Delete Operation for Two Strings

此题就是一道动态规划题，但是因为里面对字符串的修改限制在了删除一个操作上，实际上这道题可以通过两个不同的DP算法来实现了，我们可以从LCS的角度思考，这样我们需要进行的删除操作就变成了两个字符串的长度减去LCS长度的两倍

class Solution(object):
    def minDistance(self, word1, word2):
        """
        :type word1: str
        :type word2: str
        :rtype: int
        """
        n, m = len(word1), len(word2)
        dp = [[0] * (m + 1) for _ in xrange(n + 1)]

        for i in xrange(1, n + 1):
            for j in xrange(1, m + 1):
                if word1[i - 1] == word2[j - 1]:
                    dp[i][j] = max(dp[i - 1][j - 1] + 1, dp[i][j - 1], dp[i - 1][j])
                else:
                    dp[i][j] = max(dp[i][j - 1], dp[i - 1][j])

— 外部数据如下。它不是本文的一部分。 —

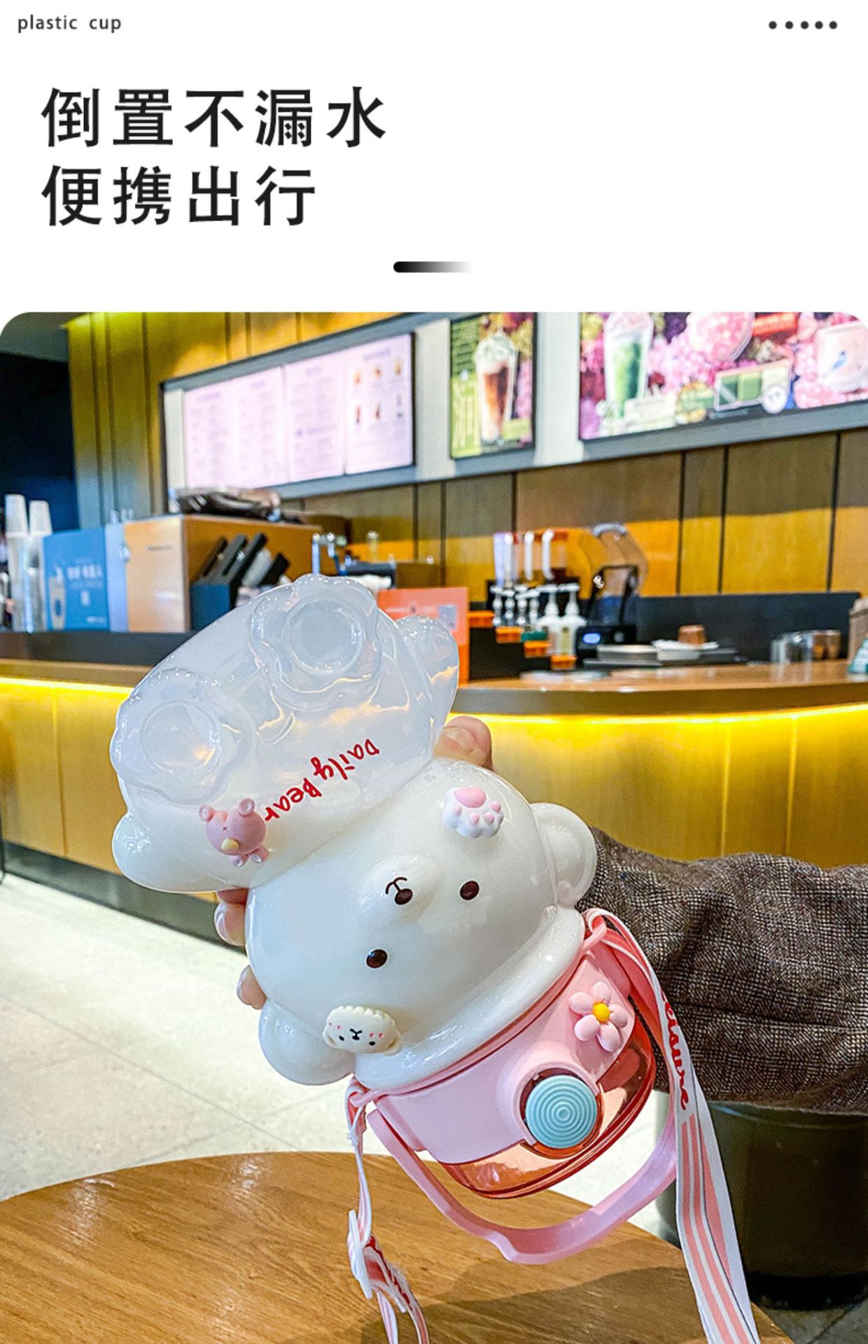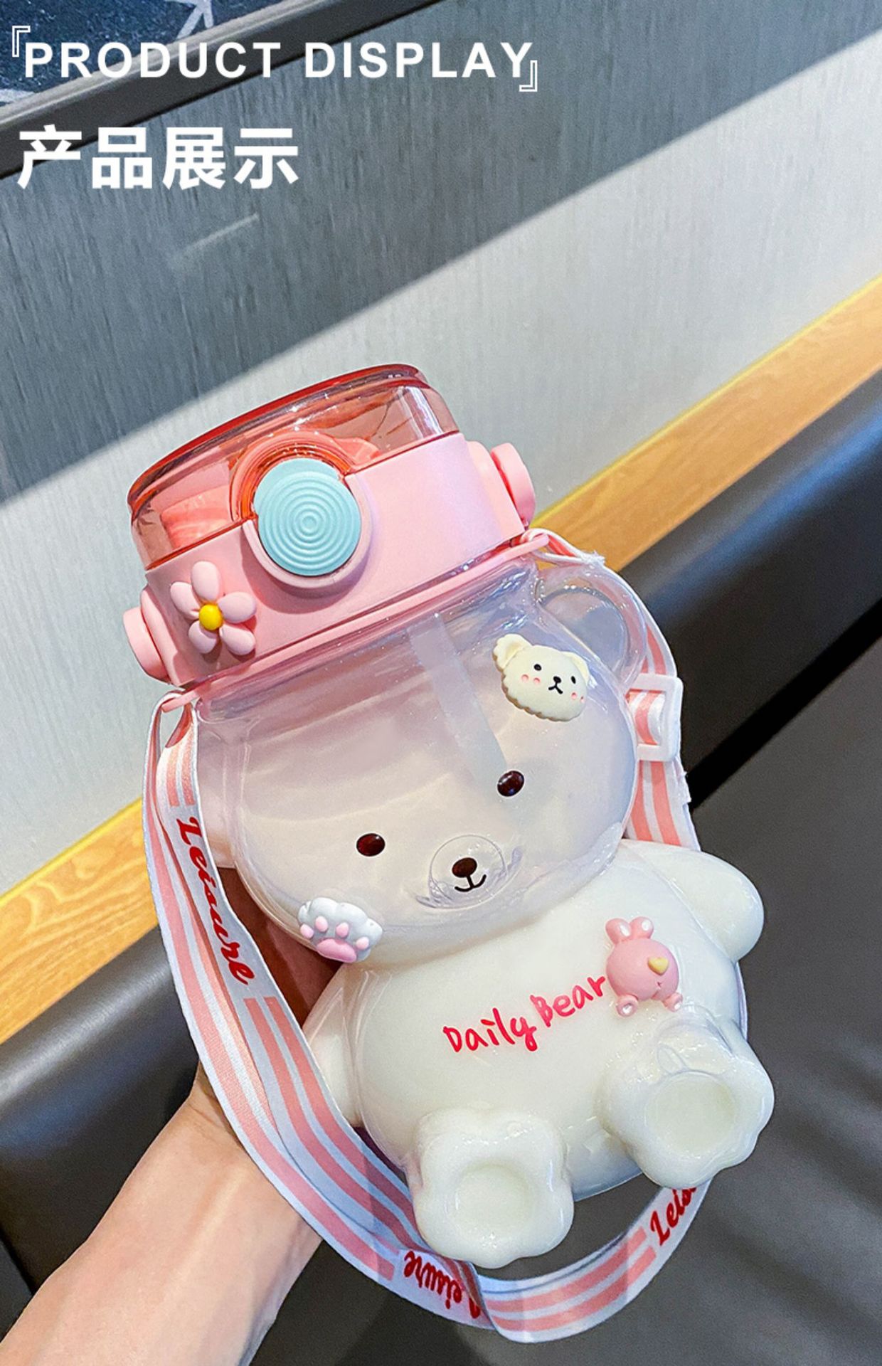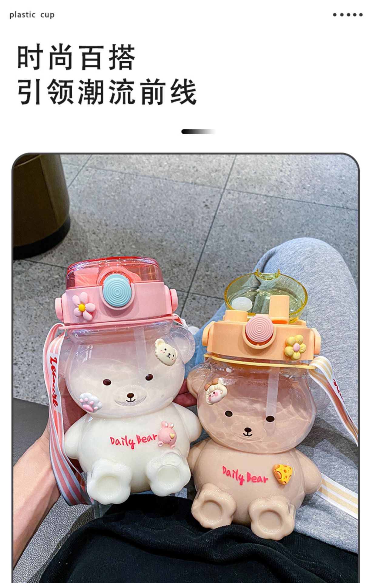 Bear Water Cup Large Capacity Girl Cute Good-looking Cup with Straw Summer Student Portable Strap Double Drink Plastic Cup 中文版

        return n + m - dp[n][m] * 2

而另外一个思路就是这种字符串操作常使用的edit distance思路了，利用edit distance里面的删除这个功能就可以构建这道题的DP矩阵

class Solution(object):
    def minDistance(self, word1, word2):
        """
        :type word1: str
        :type word2: str
        :rtype: int
        """
        n, m = len(word1), len(word2)
        dp = [[0] * (n + 1) for _ in xrange(m + 1)]
        for i in xrange(m + 1):
            for j in xrange(n + 1):
                if not i:
                    dp[i][j] = j
                elif not j:
                    dp[i][j] = i
                elif word1[j - 1] == word2[i - 1]:
                    dp[i][j] = dp[i - 1][j - 1]
                else:
                    dp[i][j] = min(dp[i - 1][j], dp[i][j - 1]) + 1
        return dp[m][n]